COMP30027, Machine Learning, 2020
Project 2: this review sounds positive!
Task: Build a classifier to predict star ratings for reviews
Due: Stage I: Friday 29 May, 11am UTC+10 (Australian Eastern Standard Time)
Stage II: Friday 5 June, 11am UTC+10 (Australian Eastern Standard Time)
Submission: Stage I: Report (PDF) and code to Canvas; test output(s) to Kaggle in-class competition
Stage II: Peer-Reviews and Reflection to Canvas
Marks: The Project will be marked out of 20, and will contribute 20% of your total mark.
Groups: Groups of 1 or 2, with commensurate expectations for each (see below).
The goal of this Project is to build and critically analyse some supervised Machine Learning methods, to predict
star ratings (1, 3, or 5) for reviews on restaurants. This problem is a form of sentiment analysis, which is the
problem of how to automatically identify and extract polarity (e.g. positive, negative, or neutral) from text1
Sentiment analysis has a variety of applications in recommender systems, marketing, economics, and social
and political sciences. Although this problem has been well-studied, a general solution remains elusive.
This assignment aims to reinforce the largely theoretical lecture concepts surrounding data representation, classifier construction, and evaluation, by applying them to an open-ended problem. You will also have an opportunity to practice your general problem-solving skills, written communication skills, and creativity.
This project has two stages. The main focus of these stages will be the written report, where you will demonstrate the knowledge that you have gained and the critical analysis you have conducted in a manner that is
accessible to a reasonably informed reader.
More details about deliverables are given in the Submission (Section 6).
1. Report: an anonymous written report, of 1000-1500 words (for a group of one person) or 2000-2500
words (for a group of two people)
2. Output: the output(s) of your classifier(s), comprising predictions of labels for the test instances, submitted to the Kaggle2
in-class competition described below.
3. Code: one or more programs, written in Python , which implement machine learning methods that build
the model, make predictions, and evaluate the results.
1. Peer-review: reviews of two reports written by other students, of 200-400 words each
2. Reflection: a written reflection piece of 400-600 words.
The data has kindly been provided to us, under the provision that any resulting work should cite these two
What Yelp fake review filter might be doing? A. Mukherjee, V. Venkataraman, B. Liu, and N. S.
Glance, ICWSM, 2013.
Collective Opinion Spam Detection: Bridging Review Networks and Metadata. Shebuti Rayana,
Leman Akoglu, ACM SIGKDD, Sydney, Australia, August 10-13, 2015
These references must be cited in the bibliography. We reserve the right mark of any submission lacking these
Please note that the dataset is a sample of actual data posted to the World Wide Web. As such, it may contain
information that is in poor taste, or that could be construed as offensive. We would ask you, as much as possible,
to look beyond this to the task at hand. For example, it is generally not necessary to read individual reviews.

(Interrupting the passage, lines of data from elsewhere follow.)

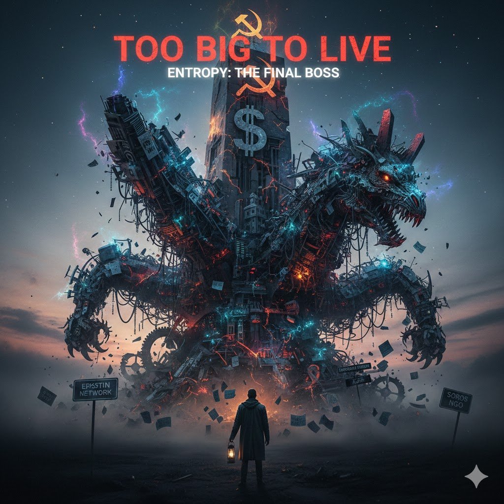 Why "too big to live"? Small corruption can hide (low entropy: simple lies). But growth demands more layers (e.g., Epstein networks covering Clinton Foundation schemes, Soros NGOs masking Ukraine aid fraud), increasing disorder. Historical examples: Soviet Union's black markets (internal entropy from failed central planning) led to 1991 collapse; Venezuela's narco-socialism bloated until Trump's 2026 raid exposed it. Nuances: Not all systems collapse equally—hybrids like China's state capitalism delay entropy with market tweaks, but even they face cracks (e.g., PEI infiltration allegations). Edge case: If external "energy" (e.g., endless U.S. aid) sustains it, collapse delays, but compounds global entropy.
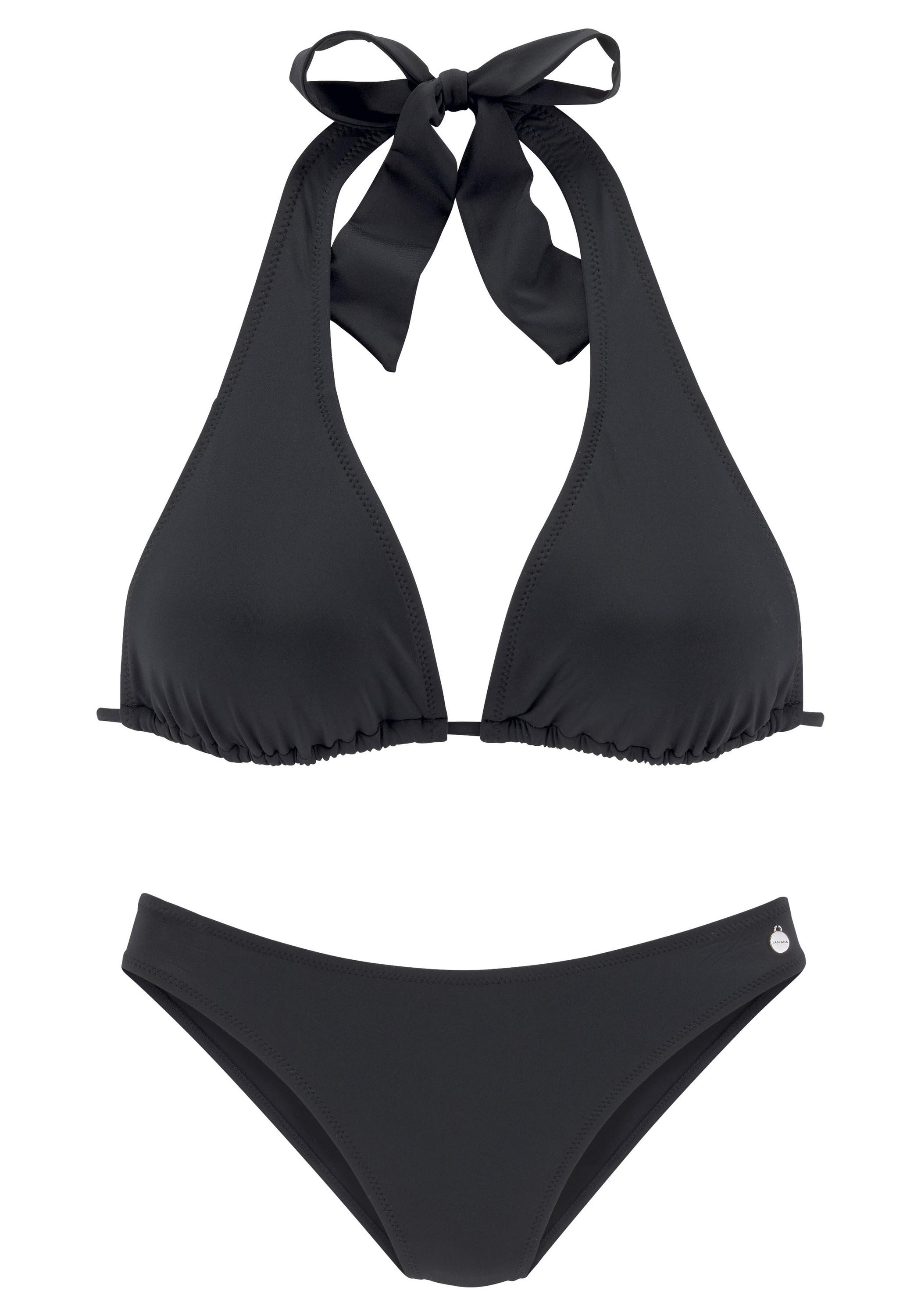 Unifarbener Triangel-Bikini von Lascana mit herausnehmbaren Softcups. Im Rücken und Nacken zu binden für eine individuelle Passform. 5 Tragevarianten möglich. Elastische Qualität mit recyceltem Polyamid.
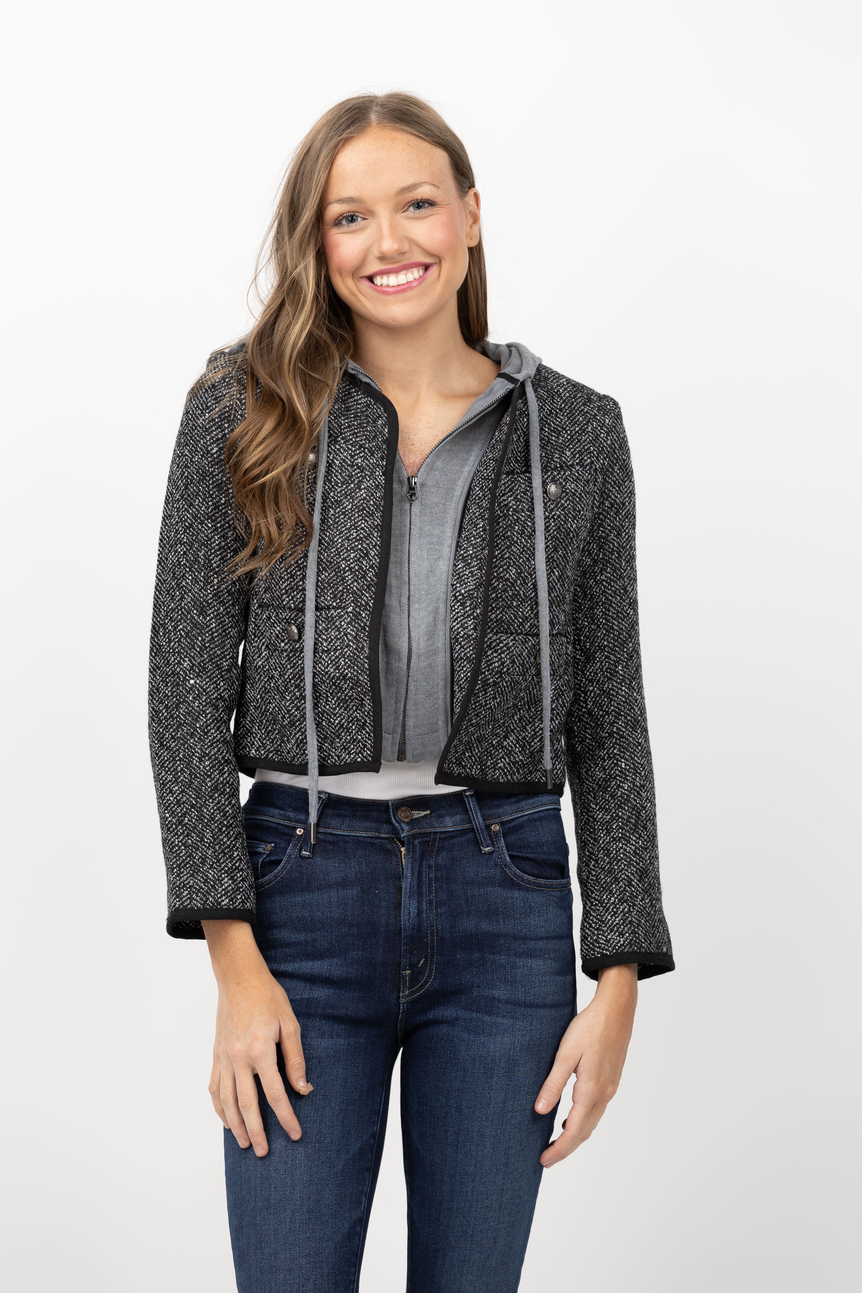 Central Park West Raya Tweed Dickie Jacket in Black/Grey
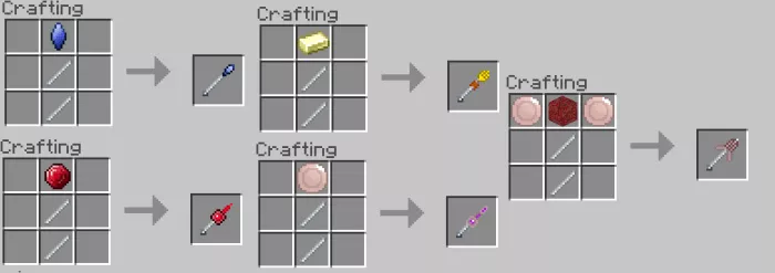 By the way, weapons! The mod introduces several types of staffs into Minecraft Bedrock Edition:
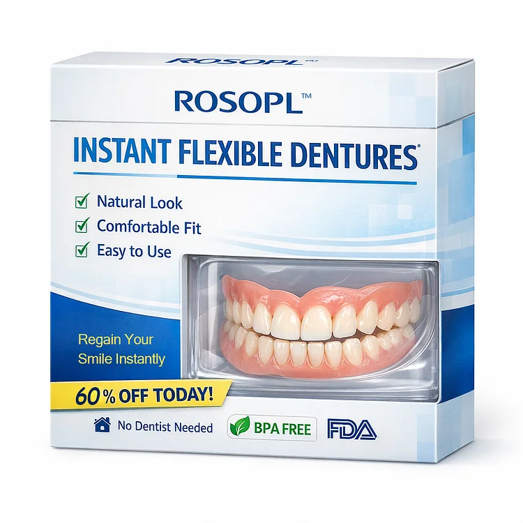 ROSOPL Custom-Fit Full Functional Dentures provide a natural-looking, adhesive-free smile. The 3-minute home fitting creates a secure, personalised gum seal
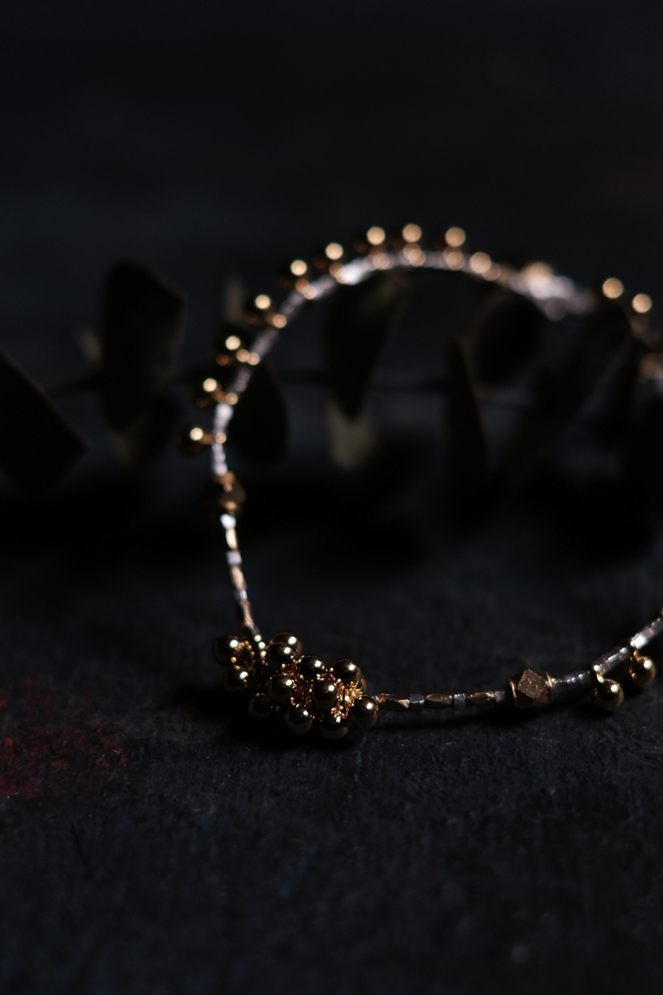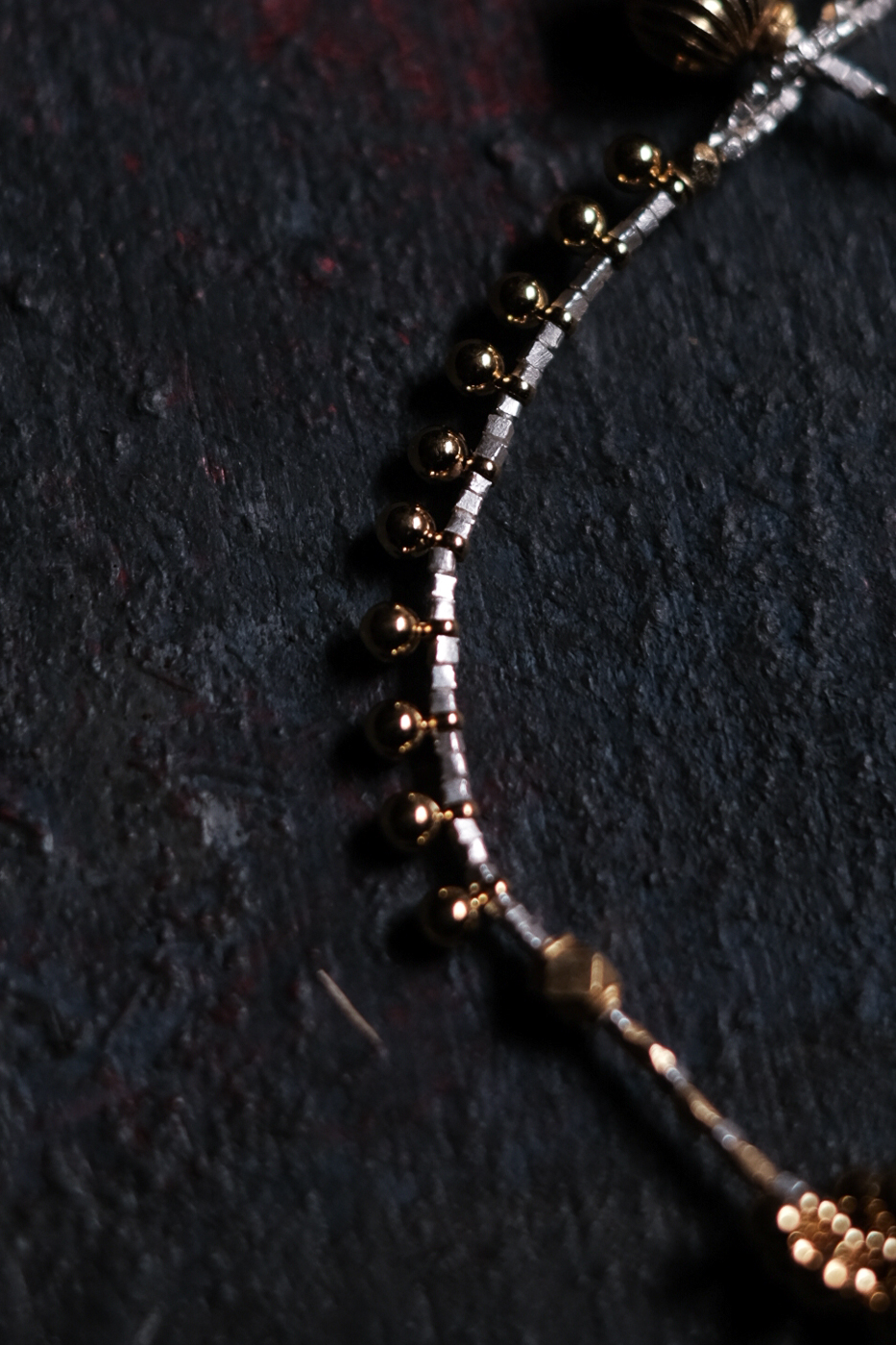 粒々の金鍍金加工を施した真鍮ビーズが散らばっている。

The opinions expressed within the data are those of the anonymised authors, and in no way express the official
views of the University of Melbourne or any of its employees; using the data in an educative capacity does not
constitute endorsement of the content contained therein.
If you object to these terms, please contact us (firstname.lastname@example.org or
email@example.com) as soon as possible.
The data files are available via the Canvas, and are described in a corresponding README.
The reviews are collected from Yelp3
, which is a platform that allows the public to publish reviews of businesses.
In our dataset, each review contains:
• meta features: date, unique review ID, reviewer ID, business ID, votes cast by Yelp users
(whether they think the review is funny, cool or useful)
• the original review text, provided as a single file with rows corresponding to the meta file
• text features: produced by various text encoding methods for review text
• class label: rating (3 possible levels, 1, 3 or 5)
You will be provided with training set and a test set. The training set contains the meta features, text features
of reviews, and the rating, which is the “class label” of our task. The test set only contains the meta and text
features without the rating.
The files provided are:
• review meta train.csv (rating label in this file)
• review text train.csv: original review text.
• review meta test.csv
• review text test.csv: original review text.
• review text features *.zip: preprocessed text features for training and test sets, 1 zipped file for each text
encoding method. Details about using these text features are provided in README.
You are expected to develop Machine Learning system(s) to predict the star rating of a review based on its meta
features (e.g. reviewer ID, business ID etc.) and/or review text. You will implement and compare different
machine learning models and explore the effective features for this sentiment prediction task.
• The training-evaluation phase: The holdout or cross-validation approaches can be applied on the training data provided.
• The test phase: the trained classifiers will be evaluated on the unlabelled test data. The predicted labels
of test reviews should be submitted as part of the Stage I deliverable.
Various machine learning techniques have been (or will be) discussed in this subject (0R, Naive Bayes, Decision
Trees, kNN, SVM, neural netowrk, etc.); many more exist. You may use any machine learning method you
consider suitable for this problem. You are strongly encouraged to make use of machine learning software
and/or existing libraries (such as sklearn) in your attempts at this project.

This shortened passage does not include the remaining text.